Supreme Court rules for Missouri church in ‘playground’ case

(RNS) Missouri wrongly denied the church  'an otherwise available public benefit on account of its religious status,' Chief Justice John Roberts wrote in the majority opinion.

Gravel paves the playground of Trinity Lutheran Church’s Child Learning Center in Columbia, Mo., on Oct. 18, 2016. RNS photo by Sally Morrow

(RNS) The Supreme Court has ruled for a Missouri church that claimed religious discrimination after it was refused state funds to improve its playground.

Ruling 7-2, the court Monday (June 26) determined that the state had treated Trinity Lutheran Church in Columbia unfairly under the First Amendment’s free exercise clause.

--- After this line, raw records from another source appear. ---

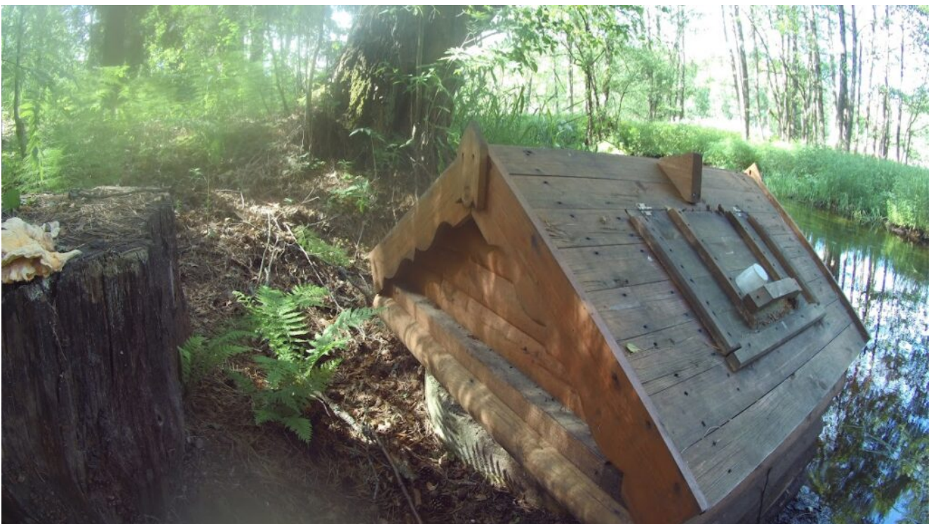
Родник на реке Еленка
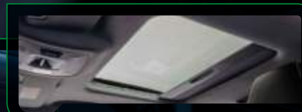
Otwierane okno dachowe
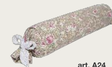
art. A24 L. 110 Ø 20
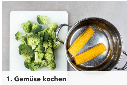
1. Gemüse kochen

Energie 608kcal, Fett 45.8g, Kohlenhydrate 21.3g, Eiweiß 27.6g
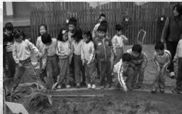
圖八 小朋友在老師指導下對新花園做觀察探索，各個興趣盎然。
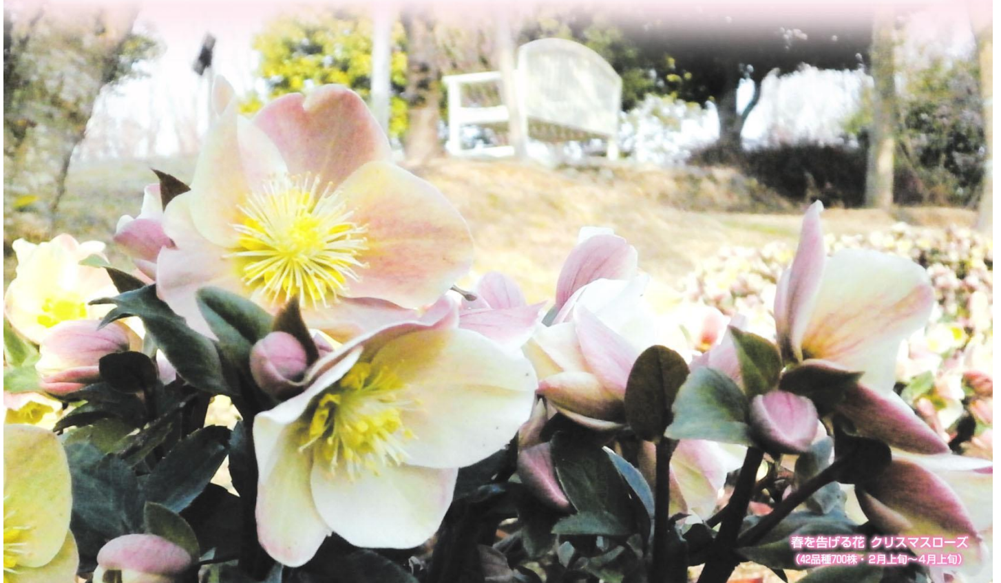
春を告げる花 クリスマスローズ (42品種700株・2月上旬~4月上旬)
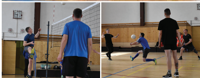
Jak je vidět, vítkovický volejbalový turnaj se opravdu vydařil, ale byl náročný...
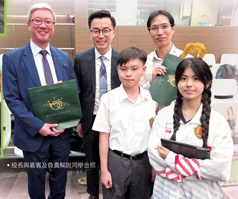
• 校長與嘉賓及負責解說同學合照
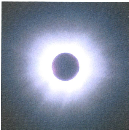
Fig. 3: 50 secondes avant le troisième contact: couronne extérieure montrant des rayons très effilés, on remarque l'effet de la brume de chaleur au moment de l'événement. Pose 1.5 s.

Quelques secondes déjà avant le deuxième contact, des protubérances très brillantes, la chromosphère d'un rose intense ainsi que des éléments de la couronne interne se détachèrent nettement (fig. 1). Plusieurs secondes durant, une profonde vallée lunaire laissa encore passer les derniers rayons solaires. Très vite, la couronne d'un blanc argenté se déploya sur environ quatre rayons solaires. Elle présentait la forme presque circulaire, caractéristique du maximum d'activité, avec des nuées denses à l'intérieur se terminant par des rayons effilés, entrecoupés de quelques «trous coronaires» (fig. 2 et 3).
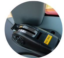
5. 전자 리프트 컨트롤
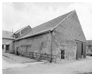
Vue de la grange, depuis la cour.
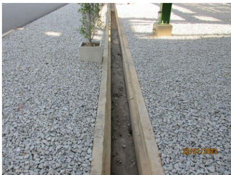
ภาพที่ 2-3 รางระบายน้ำ
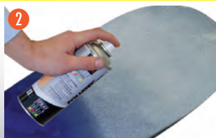
2 ベースコートを薄く何回かに分けて塗る 15分以上間隔を空ける
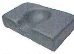
Polštář pro fixaci hlavy s dutinou (Rubinův polštář), 41x25cm, Výška 10cm
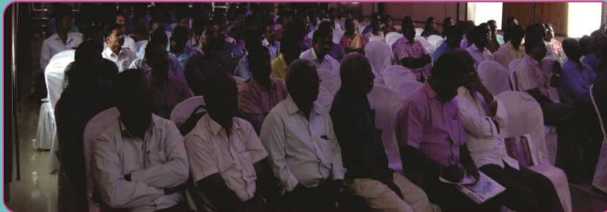
Gathering of TNEF Meeting held at Tirunelveli
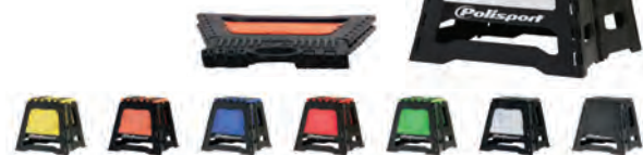
ΑΝΑΔΙΠΛΟΥΜΕΝΟ ΣΤΑΝΤ ΠΙΣΤΑΣ
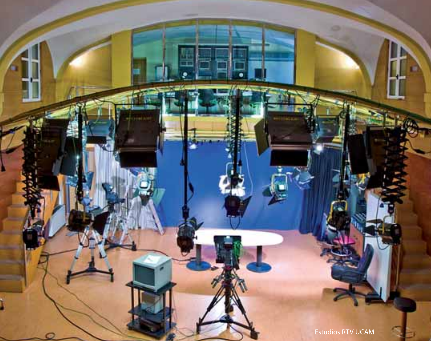
Estudios RTV UCAM
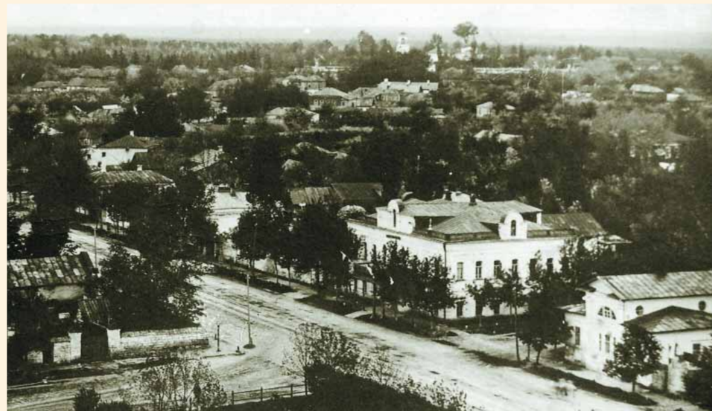
Вид с соборной колокольни на Лебедянскую улицу. В центре — двухэтажное здание духовного училища, пожертвованное в 1876 г. Трубецкими. Фото начала XX в.

Священник Иоанн Михайлович Рождественский прослужил в Софийской церкви до самой своей смерти, последовавшей 6 января 1898 г. За время своего служения в священном сане о. Иоанн был награжден скуфьей
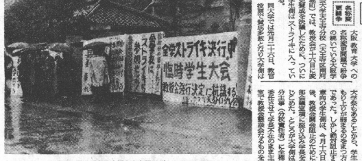
全学無断でストを決定した大阪学大の学生側(左)と教職員側(右)の衝突場面

The state wrongly denied the church “an otherwise available public benefit on account of its religious status,” Chief Justice John Roberts wrote in the majority opinion.


“This Court has repeatedly confirmed that denying a generally available benefit solely on account of religious identity imposes a penalty on the free exercise of religion,” he continued.

The case pitted Trinity Lutheran Church against Missouri’s Department of Natural Resources, which offered grants to help nonprofits pay for the resurfacing of playgrounds with recycled tires.

Justices Sonia Sotomayor and Ruth Bader Ginsburg dissented in the case, considered by many court watchers to be the highest profile of the Supreme Court season, which runs from October through early summer.

“To hear the Court tell it, this is a simple case about recycling tires to resurface a playground. The stakes are higher. This case is about nothing less than the relationship between religious institutions and the civil government — that
is, between church and state,” Sotomayor wrote.

“The Court today profoundly changes that relationship by holding, for the
first time, that the Constitution requires the government to provide public funds directly to a church. Its decision slights both our precedents and our history, and its reasoning weakens this country’s longstanding commitment to a separation of church and state beneficial to both.”

Conservative advocates for religious freedom cheered the decision.

“The government should treat children’s safety at religious schools the same as it does at nonreligious schools,” David Cortman, senior counsel at Alliance Defending Freedom, said in a statement.


The ADF argued the case at the Supreme Court on behalf of the church, which runs a children’s learning center.

“The decision today affirms that commonsense principle and the larger truth that government isn’t being neutral when it treats religious organizations worse than everyone else,” Cortman continued.